Different small bowel diseases and conditions may mimic microscopic colitis, including the following:

  • Concurrent lymphocytic colitis (LC) and lymphocytic gastritis [31]

  • Celiac disease: Collagenous colitis (CC) may represent a diffuse manifestation of gluten sensitivity; therefore, it is reasonable to evaluate patients for celiac disease [32]

  • Infectious colitis (other than Clostridium difficile infection)

  • Ischemic colitis

  • Laxative abuse

  • Bile acid malabsorption

Important considerations

Patients whose condition fails to respond to reasonable medical therapy should be evaluated for other conditions that may clinically mimic lymphocytic colitis and collagenous colitis.

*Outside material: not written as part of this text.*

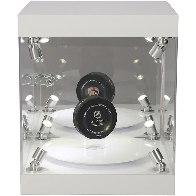 Présentoir de rondelles de hockey à éclairage LED rotatif de qualité supérieure

The adverse effects of corticosteroids and immunosuppressants/immunomodulators may be serious. Such drugs would be difficult to justify in a patient later found to have an irritable bowel syndrome (IBS) or infectious or other causes of colitis or enteritis that should have been treated differently.

Performing a colonoscopy on patients with chronic diarrhea is commonly accepted and widely practiced, but performing biopsies in all such individuals has a low yield, even with normal findings on endoscopy. Patients clinically assessed as having diarrhea-predominant IBS (IBS-D) in whom conventional medical therapy is refractory may in fact have microscopic colitis, and these patients may benefit from colonoscopy with biopsies.

Limit biopsies to those subgroups of patients in whom microscopic colitis is most likely, such as patients with watery, severe, debilitating, or nocturnal diarrhea; substantial weight loss; an elevated erythrocyte sedimentation rate; or patients who are immunosuppressed.

Special concerns

As with the management of inflammatory bowel disease (IBD), antidiarrheal and nonimmunosuppressive medications have an acceptable risk in pregnant patients when clinical symptoms are significant and might threaten the pregnancy.

Methotrexate may induce spontaneous abortion and is contraindicated during pregnancy. 6-Mercaptopurine and azathioprine may cause fetal harm but so may refractory colitis. Consequently, the risk versus benefit considerations must be carefully discussed before prescribing these medications to a pregnant patient.